Result homogenization was done by reducing it to tendency surfaces, considering deviation and/or random errors in each post. It was applied Kriging Method with linear variogram and high variance in two steps. To the first step, it was applied the standard deviation of the values mapped. To the second, it was applied the half of variance of the same values. This procedure results in a progressive precision reduction of the rugosity position and in an increase of its significance, eliminating random noise in cartogramas. In other words, it suppresses progressively small and not significant variations, simplifying the result interpretation and increasing the probability that remaining wrinkly really represent tendencies that really exist. On the other hand, this method is not similar to linear interpolation for triangulation and manual adjustment of isolinhas. In reality, the products are similar if null error in Kriging Method is admitted. For pluviometric data, although this method is employed indiscriminately, it is not correct to consider null error (AZEVEDO, 2001e).

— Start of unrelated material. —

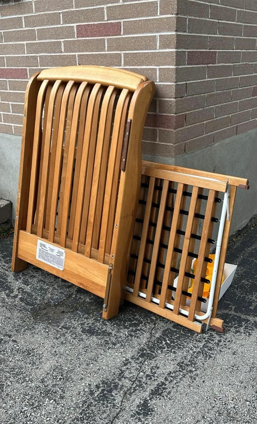 Here's a convertible wooden baby crib! It's in good condition and ready for a new home. Perfect for your little one's nursery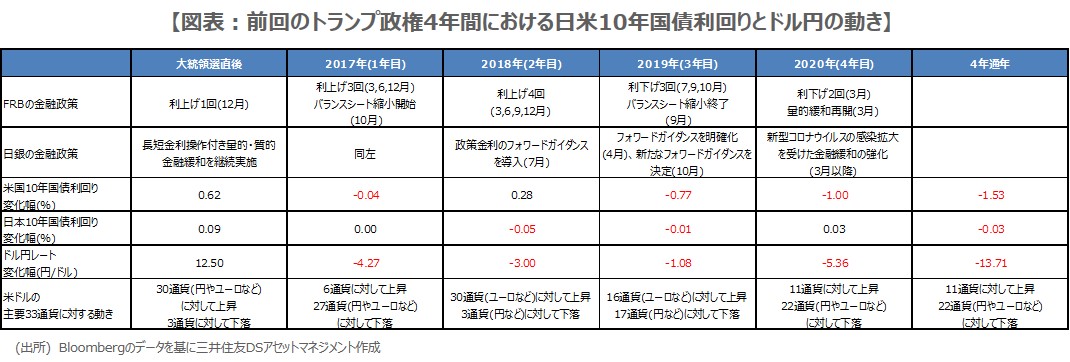 3月11日付レポートでは、トランプ政権時代の米国株の推移を検証しましたが、今回は日米長期金利とドル円の動きを確認します。2016年11月8日の米大統領選挙でトランプ氏が勝利すると、大規模減税への期待から、市場では「トランプ・ラリー」と呼ばれる現象が発生しました。年末にかけて株価が世界的に上昇し、10年国債利回りは日米ともに上昇、為替市場では米ドルがほぼ全面高となり、ドル円はドル高・円安方向に振れました(図表)。

In cartogramas, it was suppressed the null values portion of the tendency surface, using significance margins rounded for the above five multiply. They represented only remaining wrinkly, simplifying interpretation. According to the case, it was assigned neutral or null value to the dot bars in half a degree in portions of the study area that have no pluviometric posts (NE – South of Minas Gerais State, and SE – Atlantic Ocean) before the generation of the tendency surfaces. It forced the automatic exclusion of these areas hardly sampled when applied the significance margins. In synthesis, all the cautions were taken to test if doubt or lack of denser information led to the denial of the hypothesis in investigation. The results introduced ahead should be interpreted as rigorous and conservative. The data were treated in Excel Program (Microsoft) spreadsheets, with search and classification routines in Visual Basic (Microsoft). The cartogramas were generated through 6.0 Surfer Software.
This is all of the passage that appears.